«Ничего «кисейного» в нашем воспитании не было». История Долли Де-Лазари, последней благородной девицы России.

«Последняя институтка России» - так называли 100-летнюю Долли Александровну Де-Лазари, которая жила в Москве и, по всей видимости, действительно была последней из бывших учащихся Института благородных девиц царской России. Несмотря на свой возраст, Долли Александровна сохранила изумительную память и острый ум, и благодаря этому оставила воспоминания об учёбе в Екатерининском институте.

Долли была родом из благородной аристократической греческой семьи.
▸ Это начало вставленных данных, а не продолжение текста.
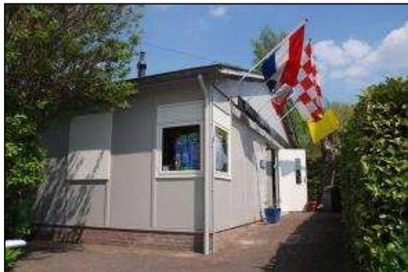
Het radiomuseum Jan Corver

Её прапрадед переехал с греческого острова Занте в Россию в XVIII веке, а прадед уже воевал за Россию в Отечественную войну 1812 года. Военным был и её отец - полковник царской армии Александр Николаевич Де-Лазари. Сама Долли Александровна появилась на свет в 1904 году под Петербургом. «Я родилась недоношенной, семи месяцев, - вспоминала она. - И потому была очень крохотной. Когда родители принесли меня домой, моя тетя удивлённо воскликнула: «Это же не человек, а какая-то куколка!» Так меня и прозвали - Долли (Doll по-английски «кукла»), хотя крестили Александрой».
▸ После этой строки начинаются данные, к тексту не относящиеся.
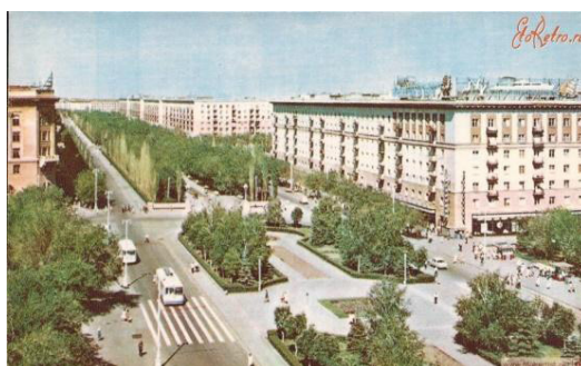
Рис. 7. Проспект им. В.И. Ленина, 1970 г. [Там же]

Жило семейство Де-Лазари небогато. Отец имел квартиру в Гатчине и получал жалованье по военной службе, не имея никаких других средств к существованию. Когда подошло время, и Долли, и её младшую сестру Ниночку отдали в Петербургский институт благородных девиц ордена Святой Екатерины. Они были уже третьим поколением девочек и девушек семейства Де-Лазари, воспитывавшихся в этом институте.
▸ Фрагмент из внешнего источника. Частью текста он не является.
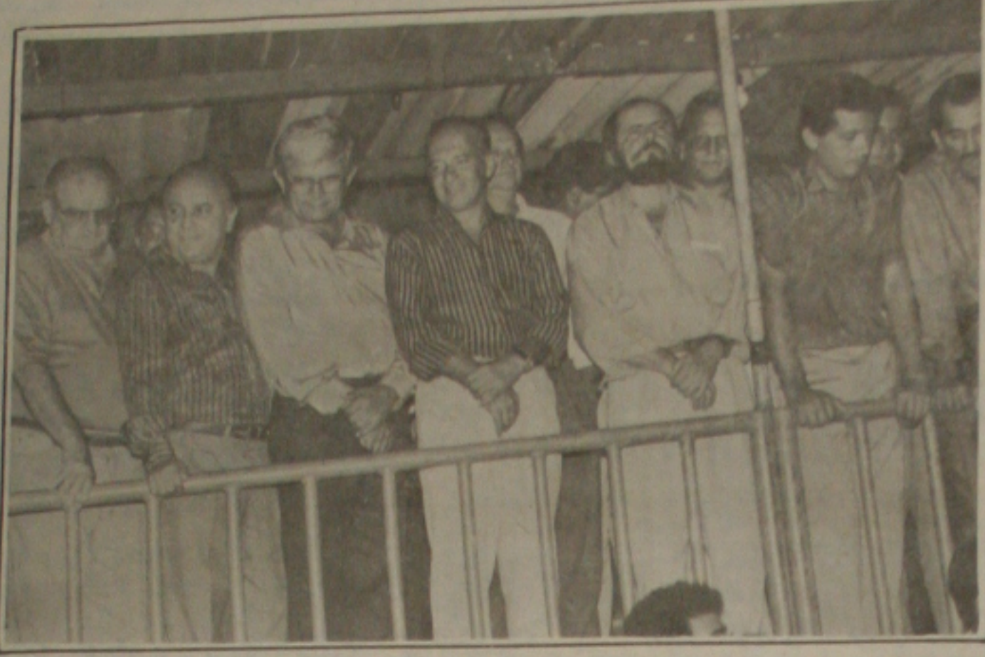
Valadares vai à festa da Laranja em Boquim

Дело в том, что в своё время Институт благородных девиц - его звали Екатерининским - был создан в том числе и на деньги племянницы князя Потёмкина, графини Александры Браницкой, богатейшей женщины того времени. Поэтому при поступлении в него большим преимуществом пользовались те девицы благородных фамилий, которые были связаны родственными и дружественными узами с Потёмкиными и Браницкими: Голицыны, Вяземские, Энгельгардты, Де-Лазари...

Именно девушки этих семейств содержались на деньги из Фонда Браницкой, созданного специально для финансирования института. И, представьте себе, за более чем вековую историю Екатерининского института этот капитал не истощился. А ведь стоимость обучения в год одной институтки обходилась примерно 600 рублей золотом. Кроме того после окончания института каждая выпускница получала из Фонда Браницкой 2 тысячи целковых на приданое.

Институт располагался в великолепном здании на Фонтанке. Когда сюда привозили маленьких учениц, двери за ними захлопывались, и они начинали привыкать жить здесь в режиме интерната. Дважды в неделю институткам разрешали видеться с родителями, но без выезда с территории института. Домой девочек отпускали лишь на каникулы - рождественские, пасхальные и летние.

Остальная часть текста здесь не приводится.